1. Zero out the gradients of the model
2. Perform a forward pass through the model.
3. Compute the loss using the specified criterion.
4. Perform the backward pass.
5. Update the model parameters using the optimizer.


You will need to keep track of the train and validation losses at each epoch. You need to store them in the `train_loss_arr` and `val_loss_arr` lists. You should accumulate the training loss throughout the epoch. You need to call the provided `val()` function at the end of each epoch to compute the validation loss.


In [None]:
criterion = nn.CrossEntropyLoss()

In [None]:
#----------------------------------------#
# TODO: Implement train in submission.py #
#----------------------------------------#

# Part 3: Create a Convolutional Neural Network (10 pts)
## Part 3.1
We will begin by implementing a simple Convolutional Neural Network without Pooling or extra features.
The base model architecture that you need to implement has the following components:
- **conv1**: convolution layer with 4 output channels, kernel size of 3, stride of 2, padding of 1 (input is a color image)
- **ReLU** nonlinearity
- **conv2**: convolution layer with 16 output channels, kernel size of 3, stride of 2, padding of 1
- **ReLU** nonlinearity
- **conv3**: convolution layer with 32 output channels, kernel size of 3, stride of 2, padding of 1
- **ReLU** nonlinearity
- **fc1**:    fully connected layer with 1024 output features
- **ReLU** nonlinearity
- **fc2**:   fully connected layer with 4 output features (the number of classes)

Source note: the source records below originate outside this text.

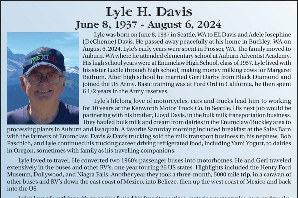 Lyle was born on June 8, 1937 in Seattle, WA to Eli Davis and Adele Josephine (DeChenne) Davis. He passed away peacefully at his home in Buckley, WA on August 6, 2024. Lyle’s early years were spent in Prosser, WA.The family moved to Auburn, WA where he attended elementary school at Auburn Adventist Academy.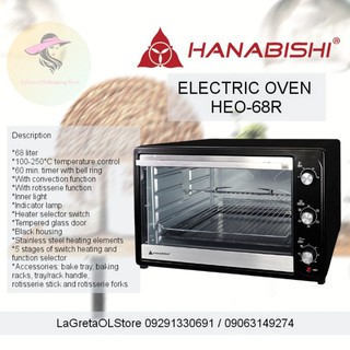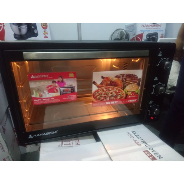 Hanabishi heo 45ss 45l electric oven black. 68 liter 100 250 c temperature control 60 min. Hanabishi electric oven heo 45l. Timer with bell ring with convection function with rotisserie function inner light indicator lamp heater selector switch tempered glass door black housing stainless steel heating elements 5 stages of switch heating and function selector accessories. 22 16 14 in.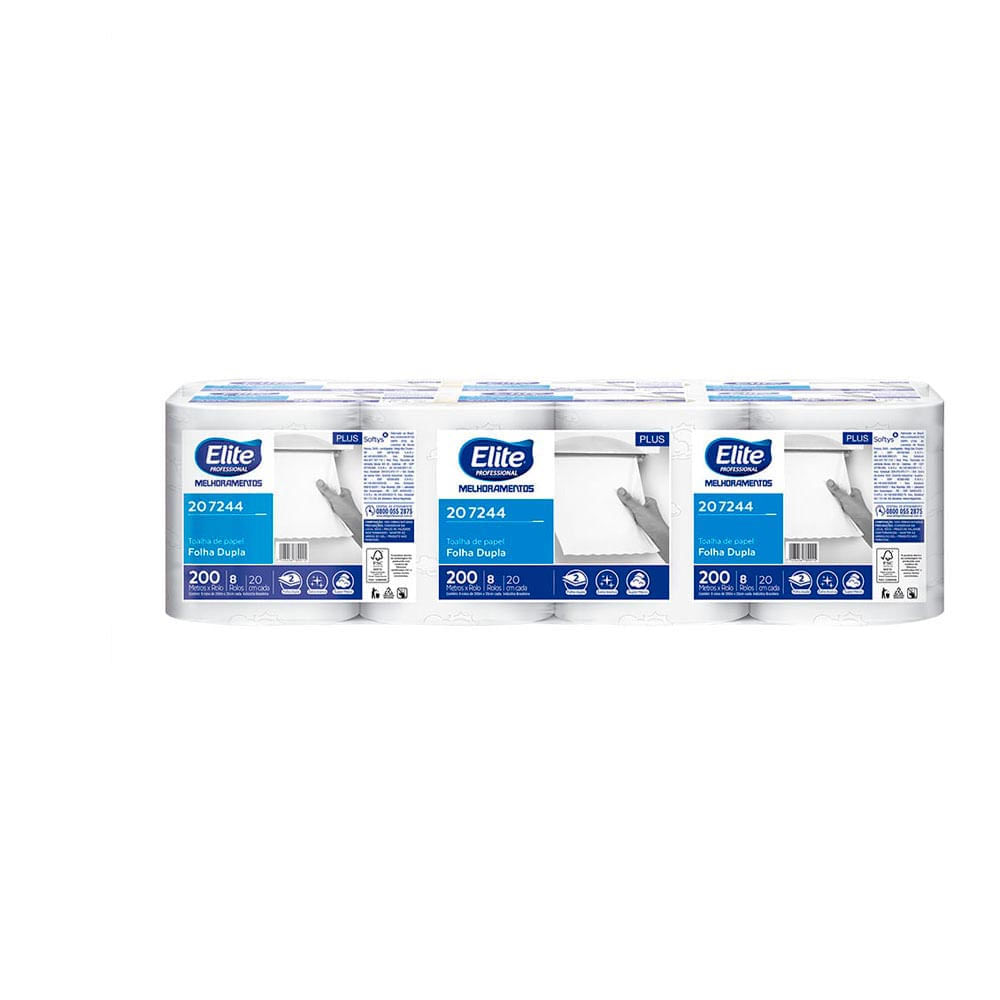 Papel Toalha Rolo Plus Elite Professional 8 Rolos Folha Dupla 200 M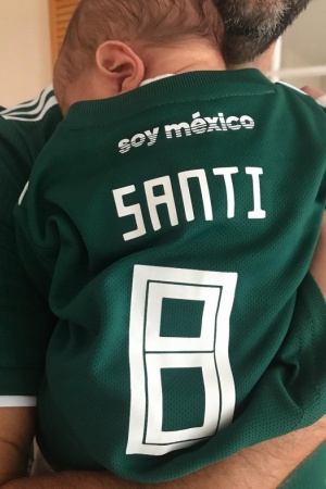Об этом свидетельствует новое фото в Instagram его звездной мамы. На снимке маленький Санти позирует на руках отца и они оба одеты в зеленые футболки в поддержку любимой команды. А у маленького Сантьяго на спине даже красуется надпись "soy mexico" - "Я мексиканец".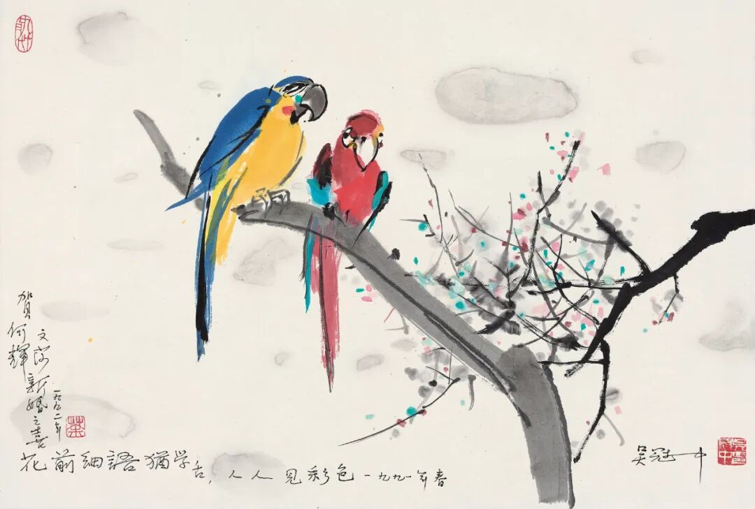 【出版】《著名中国画家作品选2007年年历》封面、3月,中国文化年鉴编辑部,2006年版。1.此作为吴冠中画赠曾在新华社清凉阁画院的工作人员何辉夫妇新婚贺礼。2.吴冠中的鹦鹉作品颜色鲜艳活泼可爱,很受大家的青睐,但因为这一主题作品创作的时间比较晚,所以作品的流通量很少,目前市场中不足10件。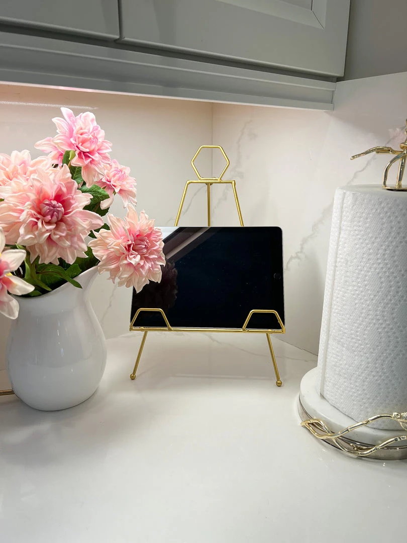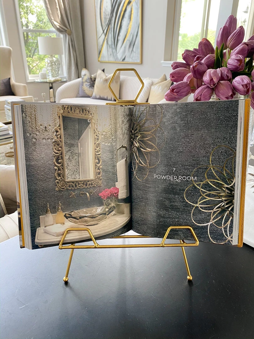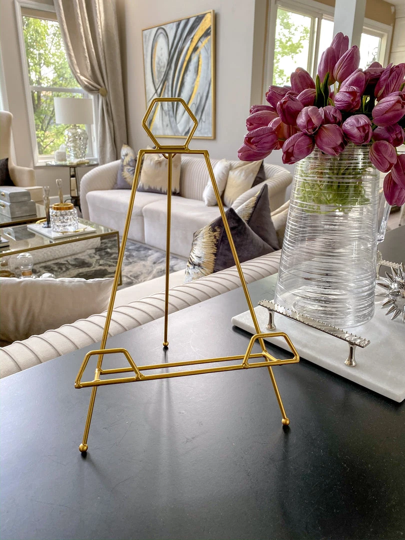 Description: This gold metal folding easel is a unique way to display pictures or other decor pieces.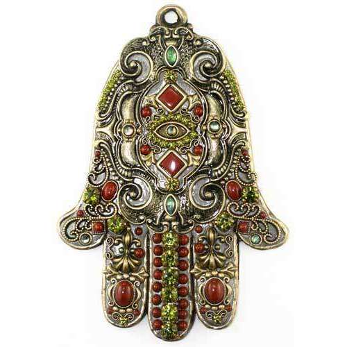 Michal Golan Coral and Turquoise Southwest Wall Hamsa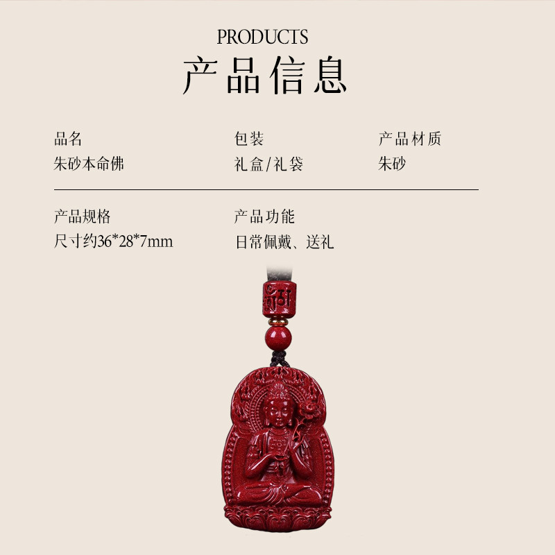 遇见普陀山朱砂本命佛吊坠男女士生肖守护神挂件高含量紫金砂项链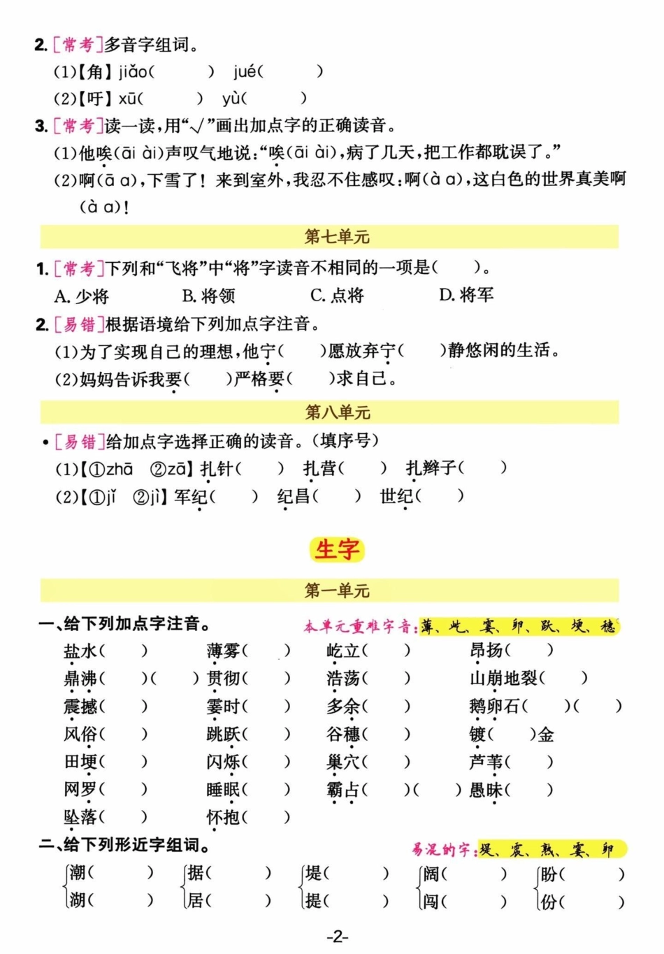 四年级语文上册单元生字及多音字。四年级上册语文 必考考点 期末复习 单元归类复习 专项训练 - 副本.pdf_第2页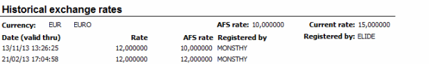 In the Current exchange rates list you will find the current rate and AFS rate for each currency, when the currency was updated with the new currency and by whom.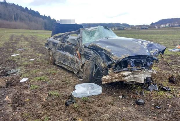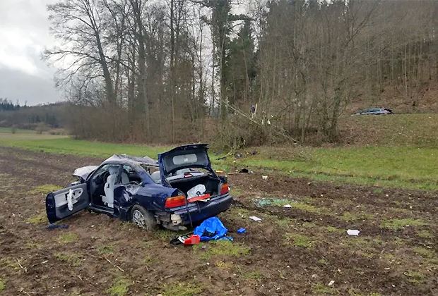 Der Wagen durchbrach ein kleines Waldstück. Anschliessend überschlug sich das Fahrzeug mehrfach. Völlig demoliert kam das Auto im angrenzenden Acker zum Stillstand. Der Lenker verletzte sich und wurde mit der Ambulanz ins Spital überführt. An Fahrzeug entstand Totalschaden.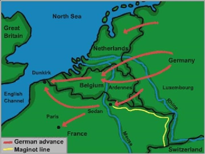 Fall of France Germany worked its way around the Maginot Line: – Invasion of Belgium gave them access – Ardennes Forrest – Britain and France thought it was impossible to attack through.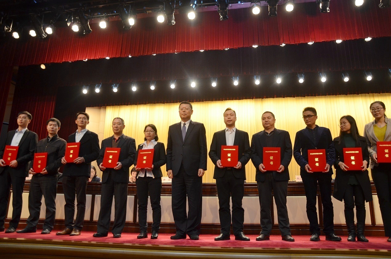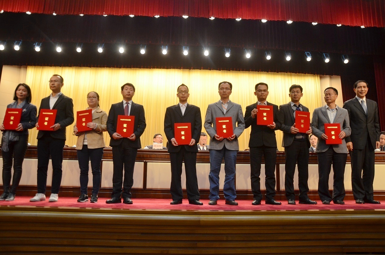 焦蘭生市長(zhǎng)為“中山市科學(xué)技術(shù)進(jìn)步獎(jiǎng)一等獎(jiǎng)”獲獎(jiǎng)單位頒獎(jiǎng)
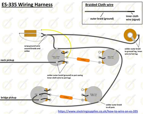 Web main differences of concern for an es 335/semi hollow: Each wiring diagram is shown with a treble bleed modification (a 220kω resistor in parallel with a 470pf cap) added to the volume pots. Few diagrams show the ground wire from the bridge post, and.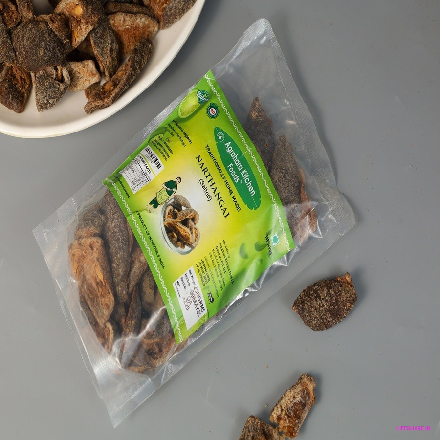 Introducing our Narthangai Dried Pickles/Vathal, a unique and flavorful addition to your kitchen pantry. Made from sun-dried and salted Narthangai, these pickles/vathal are bursting with tangy, salty, and slightly spicy flavors. They are perfect for adding a zesty kick to your meals,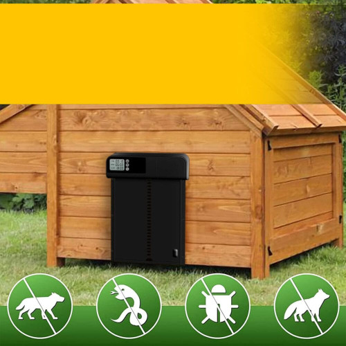 Вбудований світлодіодний дисплей та 24-річний таймер дозволяють програмувати годину відкриття та закриття дверей відповідно до ритму дня ваших курчат. Точність до однієї хвилини означає повний контроль без потреби щоденного контролю. Це рішення, створене для вашого часу та душевного спокою.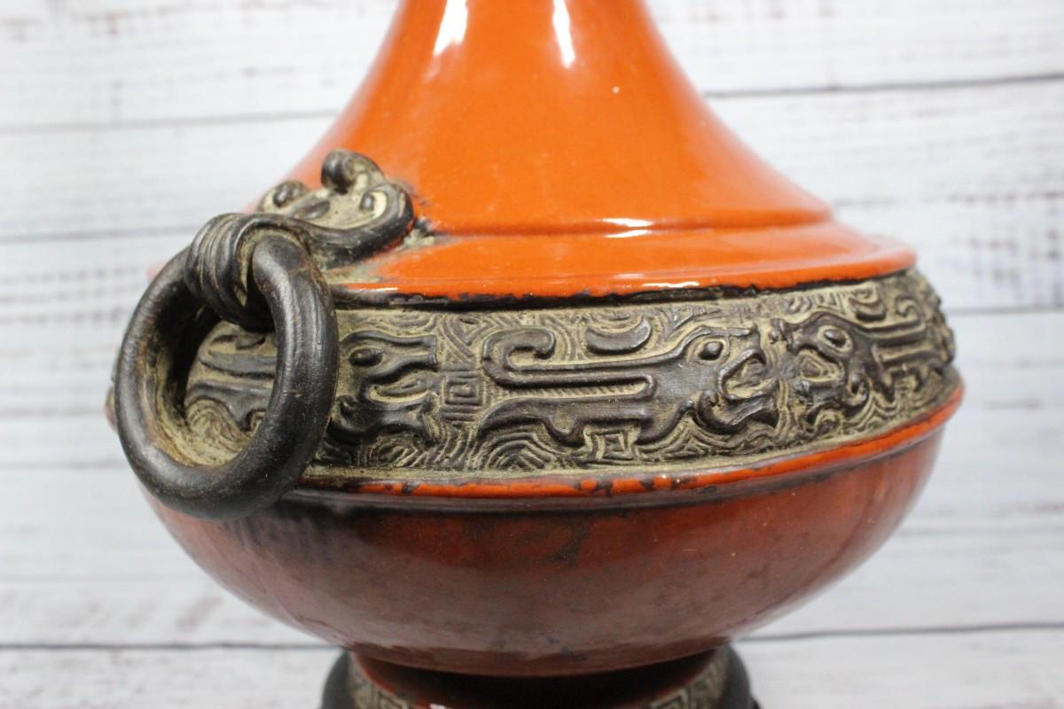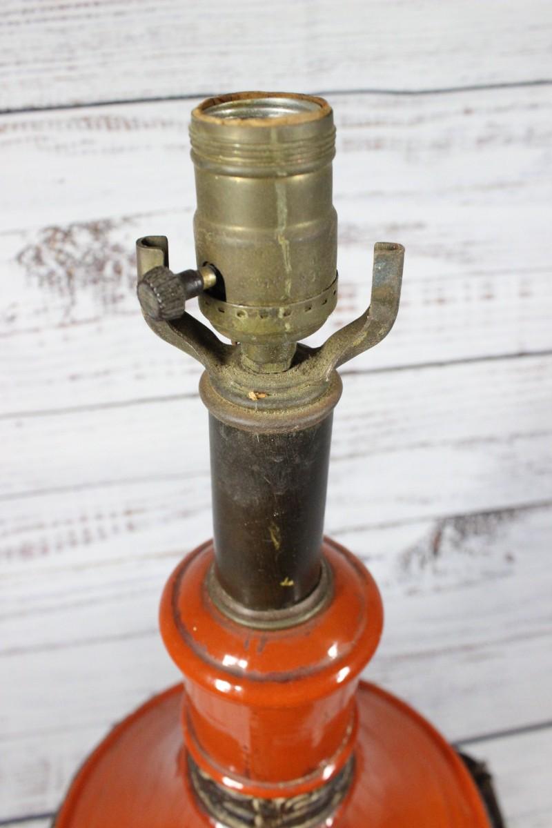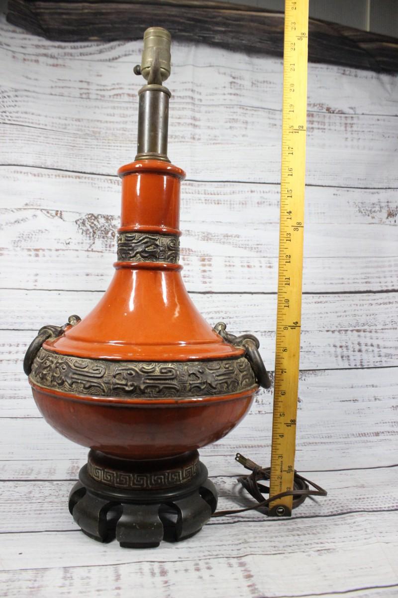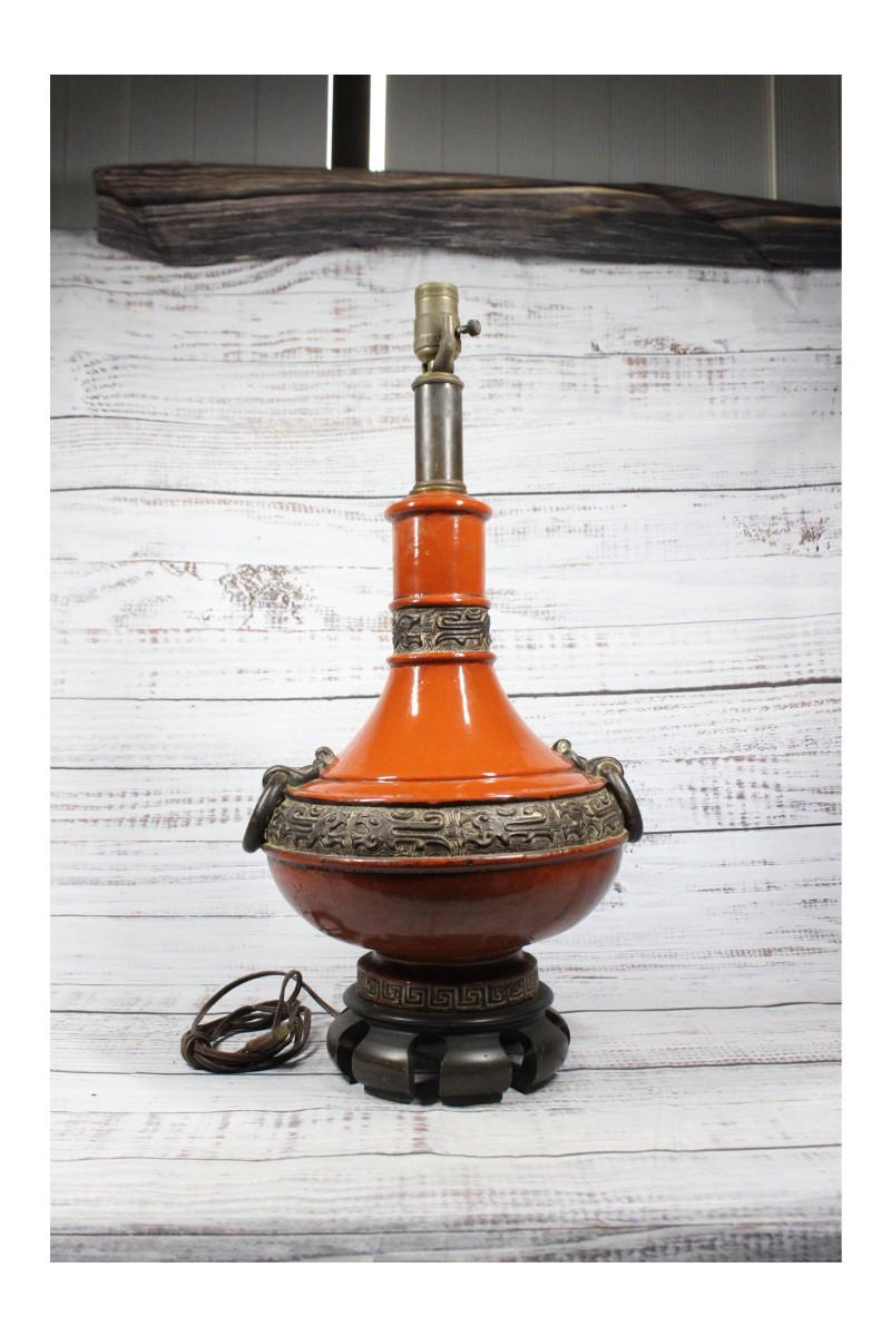 Vintage Mid Century Burnt Orange Ceramic Oriental Dragon Lamp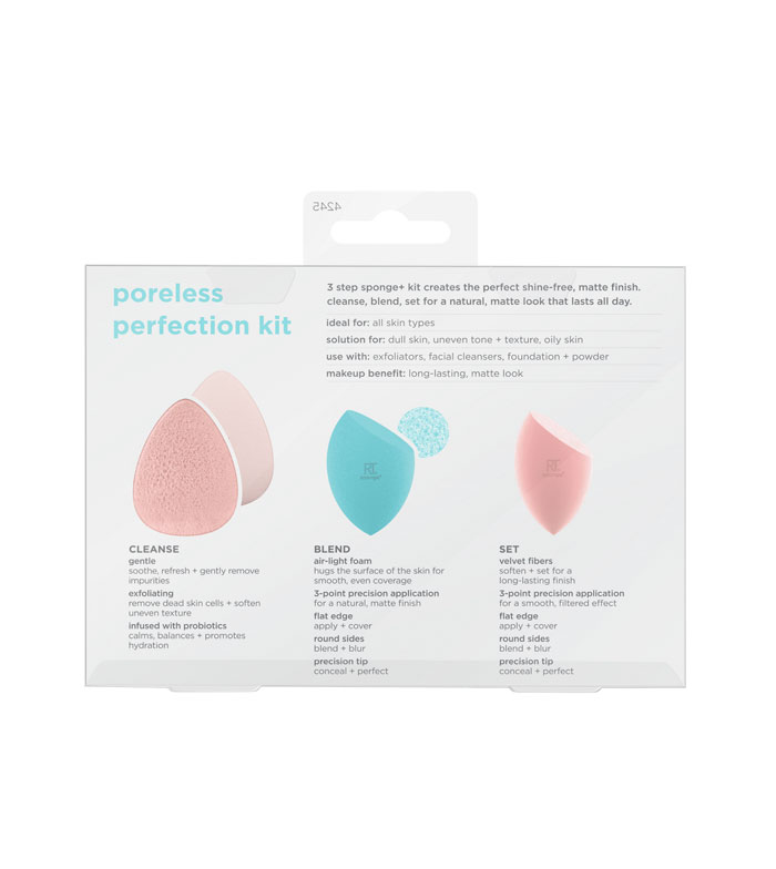 Das Poreless Perfection Kit Schwamm-Set aus der Sponge + Collection von Real Techniques hilft Ihnen, in nur 3 Schritten eine glatte, matte Basis zu schaffen.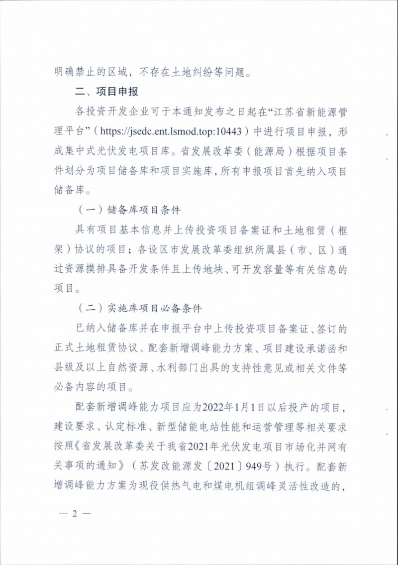 根據(jù)文件,本次申報主要為地面集中式光伏電站,項目應選址明確,不涉及永久基本農(nóng)田、自然保護區(qū)以及無土地糾紛等。投資企業(yè)需在“江蘇省新能源管理平臺”進行申報,形成項目庫,項目庫分為儲備和實施兩種類型。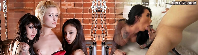 Trio of goth girls strap on sex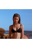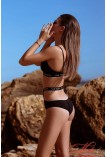Купальник з бюстгальтером чашками трикутниками, без кісточок, під грудьми м'яка брендована гумка, не знімні бретелі і регулюються по довжині. Спинка на застібці. Плавки бразиліана із завищеною лінією талії, із м'якою брендованою гумкою. Плавки можна вибрати розміром С, М, Л, Хл.

Hint: Make use of the functions here: https://pytorch.org/docs/stable/nn.html.

**Note that for the relu you should use functional version of ReLU (i.e. F.relu) for the creation of the ConvNet. Also, please follow the names given above for the layer names. This also applies to the rest of the models you will create (ConvNetMaxPooling, ConvNetBN, and ConvNetDropout, ResidualBlock, and ResNet)**

In [None]:
#------------------------------------------#
# TODO: Implement ConvNet in submission.py #
#------------------------------------------#

Use the following test as a sanity check (it only checks the out shape). This test does not guarantee correctness of the full implementation. Feel free to add additional test cases!

In [None]:
def testConvNet():
  net = submission.ConvNet()
  input_tensor = torch.randn(1, 3, 64, 64)
  output = net(input_tensor)
  assert(output.size() ==torch.Size([1, 4]))

testConvNet()

## Part 3.2
Experiment with 3-5 learning rates and plot the performance curves for the different learning rates.

In [None]:
train_loss_results = dict()
val_loss_results = dict()

for learning_rate in [
    1e-2,
    # TODO: Add at least two more learning rate settings
]:
  print('-'*20)
  print(f"learning_rate: {learning_rate}")
  model_conv = submission.ConvNet()
  model_conv.to(device)
  optimizer = optim.SGD(model_conv.parameters(), lr=learning_rate, momentum=0.9)
  data_loader = train_dataloader
  epochs = 20
  convnet_train_loss, convnet_val_loss = submission.train(model_conv, data_loader, val_dataloader, criterion, optimizer, epochs, device)
  train_loss_results[learning_rate] = convnet_train_loss
  val_loss_results[learning_rate] = convnet_val_loss


In [None]:
# Plots the training loss and test accuracy curves for different learning rates here

fig, axs = plt.subplots(1, 2, figsize=(12, 6))
for learning_rate, loss in train_loss_results.items():
  axs[0].plot(loss, label=f"lr={learning_rate}")
axs[0].set_xlabel("Epochs")
axs[0].set_ylabel("Training Loss")
axs[0].set_title("Training Loss vs Epochs")
axs[0].legend()

for learning_rate, loss in val_loss_results.items():
    axs[1].plot(loss, label=f"lr={learning_rate}")
axs[1].set_xlabel("Epochs")
axs[1].set_ylabel("Validation Loss")
axs[1].set_title("Validation Loss vs Epochs")
axs[1].legend()

plt.show()


### Note down anything you have observed from your experiment (one or two sentences will suffice). Write 2-3 sentences in `responses.tex`.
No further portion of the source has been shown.